I guess this piece in the NY Times has been getting some attention lately. It’s about a crazy theory by Nelson and Ninomiya (NN for short) in which the laws of physics don’t “want” the Higgs boson to be created. According to this theory, states of the Universe in which lots of Higgses are created are automatically disfavored: if there are multiple different ways something can turn out, and one involves creating Higgses, then it’ll turn out some other way. Since the Large Hadron Collider is going to attempt to find the Higgs, this theory predicts that things will happen to it so that it fails to do so.
Sean Carroll has a nice exegesis of this.
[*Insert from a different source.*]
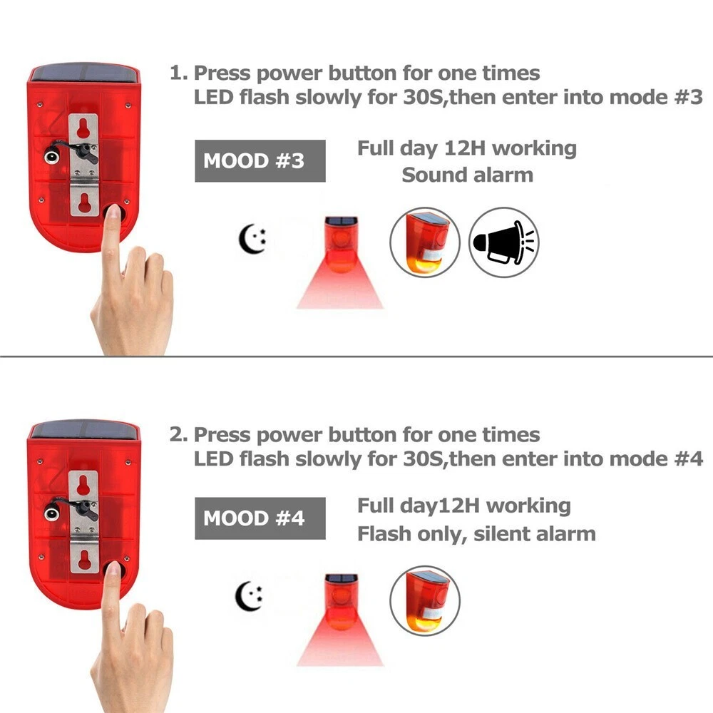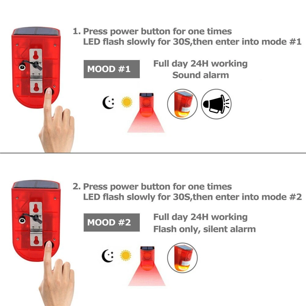 1/2/4/6/8Pcs Solar Alarm LED Light Solar Strobe Light Wireless Motion Sensor Detector Outdoor # Ship within 24 hours. # 100% New & Excellent Quality # Strictly QC, Each item was fully checked before shipping # FREE & FAST Shipping delivery with Tracking Number ✔️ Features: 1.Solar acoustooptic alarm lamp has two functions, the first mode is 24-hour induction acoustooptic alarm in daytime. 2.The second mode is night mode (no daytime induction,dark induction acoustooptic alarm), induction distance of 5-8 meters. 3.Modal induction angle 110 degrees, solar light about 6 hours full of electricity, a charge can be used 24 hours a day for 30 days of ultra-long duration, 365 days continuous power, no power-consuming alarm lights. 4.It is suitable for farms, villas, orchards, tea gardens, farms, factory warehouses and other places. ✔️ Function: Daytime mode (24-hour induction acoustooptic alarm) Night mode (no daytime induction, dark induction acoustooptic alarm) Only flashing lights during the day without sound Only flashing at night without sound ✔️ Specifications: * Solar panels: 5V*0.6W polycrystalline silicon * LED: 6 flash red lights, 1000 meters visible * Product Material: ABS * Size: 4.72''x2.72"/120x69mm * Waterproof grade: IP65 * Induction Angle: Film Induction Angle 110 Degree * Charging Method: Solar Energy Charging * Alarm sound: 110 decibels (1000 meters clear) * Induction distance: 5-8 m/16.4-26.2 ft (affected by ambient temperature) * Battery parameters: 3.7V*400mAh full capacity polymer lithium battery * Working hours: induction 45 seconds or so sound and light alarm more than 300 times, once charged, standby for 30 days ✔️ Package Included: 1/2/4/6/8PC Solar Warning Light. Detail Image: Payment: 1.We accept ebay payment only. 2.All major credit cards are accepted through secure payment processor ebay payment. Shipping: 1.We ship to your eBay or ebaypayment address. Please make sure your eBay and ebaypayment address is correct before you pay. 2.Items will be shipped within 1-3 business day when we received payment. 3.Delivery time depends on destination and other factors; 4.International buyers please note: a.Import duties, taxes and charges are not included in the item price or shipping charges. These charges are buyer’s responsibility. We will try our best to reduce the risk of the custom duties. b.Please check with your country's customs office to determine what these additional costs will be prior to buying. Returns: Please contact me before opening any return,don't worry, I will definitely solve your problem.thank you!!! 1) If you received an incorrect, damaged, defective, or item not as described, contact us for a partial/full refund or replacement on our cost. 2) If you want to return the item, please contact us within 30 days after package received. Return products must also be in its original condition: including box, packaging and all other accessories. Payment 1.We accept PayPal only! 2.Please keep the consistency of the address from Paypal and eBay. 3.Payment must be received within 3 days since you won the item, or eBay will launch Unpaid Reminder Against you. Delivery Details 1. All items will be shipped to buyer's ebay address,we don't take charge for wrong address left. 2. All items will be shipped within 24 working hours upon receipt of payment, and multiple items will be combined shipping. 3. In most cases, delivery takes around 1-7 business days from US Warehouse by UPS/USPS, it's highly depended on the efficiency of the shipping carrier. If your item doesn't arrive on time, please contact us immediately for further assistance. Please note there is no local pickup service available. Term of Sales Customer satisfaction is our top priority. Please message us over the eBay messages. All returns must have RMA number. Returns with no RMA number will be avoided! Changed your mind and don't want the item anymore? No Problem! Please contact us within 30 days. We do not charge restocking fee unless the item you are returning is Brand New. Defective/Dead items will be fully refunded or replaced after matching the serial number with the one in our records. Order/bid cancellation: We can cancel your order only if you contact us within 15 min after your purchase. No exceptions. If your order arrives incorrect or the package is damaged in result of a carrier company, you must notify us within 2 days of receipt. We are aware of all fraud cases and have all the items details in our records. If the goods are not defective, you will be responsible for the return postage costs. Returned item must include all previously included accessories. No restocking fee will apply. If there is a quality issue or malfunction with the product, we strongly suggest you to contact us asap. Any item needed to be returned must be securely packaged, insured and shipped with tracking for safety. We cannot be responsible for lost damaged packages. We carefully inspect returned items upon receipt before any possible refunds, credits, or exchanges. Thank you for purchasing from us We are professional manufacturer seller. All products are factory direct sales, best quality at best price.We strive for 100% customer satisfaction. We maintain high standards of excellence and strive for 100% customer satisfaction. Positive feedback with 5 star rating is very important to us. Please give us a chance to resolve any issues before posting a neutral or negative feedback. Thanks a lot. 1. All items will be shipped to buyer's ebay address,we don't take charge for wrong address left. 2. All items will be shipped within 24 working hours upon receipt of payment, and multiple items will be combined shipping. 3. In most cases, delivery takes around 2-3 business days from UK Warehouse by RoyalMail, it's highly depended on the efficiency of the shipping carrier. If your item doesn't arrive on time, please contact us immediately for further assistance. Please note there is no local pickup service availabl

I urge you to go read it if you’re curious about this business. There’s a bit in the middle that explains the theory in a bit more detail than you might like (unless of course you like that sort of thing). If you find yourself getting bogged down when he talks about “imaginary action” and the like, just skip ahead a few paragraphs to about here:
So this model makes a strong prediction: we're not going to be producing any Higgs bosons. Not because the ordinary dynamical equations of physics prevent it (e.g., because the Higgs is just too massive), but because the specific trajectory on which the universe finds itself is one in which no Higgses are made.
That, of course, runs into the problem that we have every intention of making Higgs bosons, for example at the LHC. Aha, say NN, but notice that we haven't yet! The Superconducting Supercollider, which could have found the Higgs long ago, was canceled by Congress. And in their December 2007 paper €” before the LHC tried to turn on €” they very explicitly say that a "natural" accident will come along and break the LHC if we try to turn it on. Well, we know how that turned out.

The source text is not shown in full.